=== Begin Enclosure ===

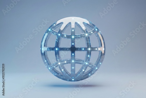 Futuristic globe symbolizing digital connectivity and global networking illuminated by blue lights representing innovation and technology trends in a modern landscape
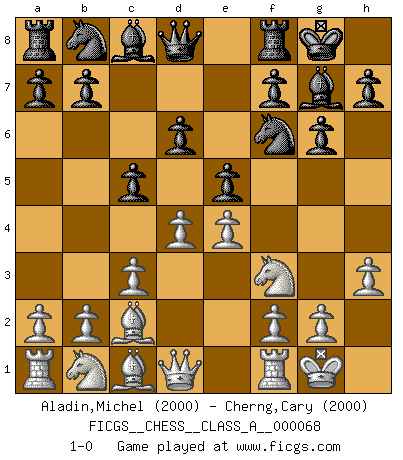 Last move : 1-0 2010 June 3 8:56:29 [Event "FICGS__CHESS__CLASS_A__000068"] [Site "FICGS"] [Date "2010.04.01"] [Round "1"] [White "Aladin,Michel"] [Black "Cherng,Cary"] [Result "1-0"] [WhiteElo "2000"] [BlackElo "2000"] 1.e4 c5 2.Nf3 d6 3.c3 Nf6 4.h3 g6 5.Bd3 Bg7 6.O-O O-O 7.Bc2 e5 8.d4 1-0 This chess game has been lost on time (started : 2010.04.01 18:58:28) Sicilian Kingside Castling by player White (move 6) Kingside Castling by player Black (move 6) Player White won this chess game. Follow this game move after move (download)Chess is a terrible game. If you have no center, your opponent has a freer position. If you do have a center, then you really have something to worry about ! (Siegbert Tarrasch) Pläne sind die Träume des Verständigen. (Ernst Freiherr von Feuchtersleben) Bendita sea la memoria de aquel que dio al mundo este juego inmortal. (A. G. Gardiner) Il vaut mieux sacrifier les pièces de l'adversaire. (Xavier Tartacover) I would love to change the world, but they won't give me the source code. (Unknown)
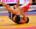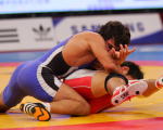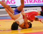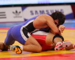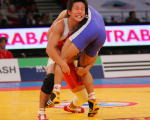 初戦でアテネ五輪チャンピオンと激戦を演じたフリースタイル60kg級の湯元健一。敗者復活1回戦のオダバシ(トルコ)戦では、豪快な3点タックルを決めた。勢いがつきすぎて1点を取られたのは今後へ向けて反省材料だが、持っている技をしっかりと出せた世界選手権だった。
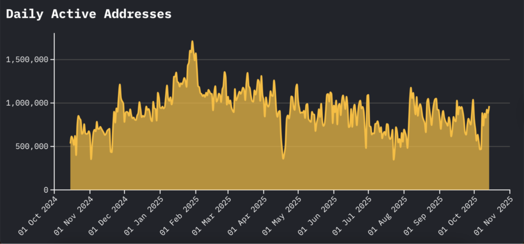 The DAA chart below shows a clear improvement, rising from a lower base in 2024 to a more sustained ~900,000 base and up to 1.7M spikes in 2025. This change is in line with broader 2025 trends, where daily averages often exceeded 1 million in Q1 but settled higher overall than in 2024.

=== End Enclosure ===

Could you return the whole listing exactly, images excluded?

 Futuristic globe symbolizing digital connectivity and global networking illuminated by blue lights representing innovation and technology trends in a modern landscape
 Last move : 1-0 2010 June 3 8:56:29 [Event "FICGS__CHESS__CLASS_A__000068"] [Site "FICGS"] [Date "2010.04.01"] [Round "1"] [White "Aladin,Michel"] [Black "Cherng,Cary"] [Result "1-0"] [WhiteElo "2000"] [BlackElo "2000"] 1.e4 c5 2.Nf3 d6 3.c3 Nf6 4.h3 g6 5.Bd3 Bg7 6.O-O O-O 7.Bc2 e5 8.d4 1-0 This chess game has been lost on time (started : 2010.04.01 18:58:28) Sicilian Kingside Castling by player White (move 6) Kingside Castling by player Black (move 6) Player White won this chess game. Follow this game move after move (download)Chess is a terrible game. If you have no center, your opponent has a freer position. If you do have a center, then you really have something to worry about ! (Siegbert Tarrasch) Pläne sind die Träume des Verständigen. (Ernst Freiherr von Feuchtersleben) Bendita sea la memoria de aquel que dio al mundo este juego inmortal. (A. G. Gardiner) Il vaut mieux sacrifier les pièces de l'adversaire. (Xavier Tartacover) I would love to change the world, but they won't give me the source code. (Unknown)
 初戦でアテネ五輪チャンピオンと激戦を演じたフリースタイル60kg級の湯元健一。敗者復活1回戦のオダバシ(トルコ)戦では、豪快な3点タックルを決めた。勢いがつきすぎて1点を取られたのは今後へ向けて反省材料だが、持っている技をしっかりと出せた世界選手権だった。
 The DAA chart below shows a clear improvement, rising from a lower base in 2024 to a more sustained ~900,000 base and up to 1.7M spikes in 2025. This change is in line with broader 2025 trends, where daily averages often exceeded 1 million in Q1 but settled higher overall than in 2024.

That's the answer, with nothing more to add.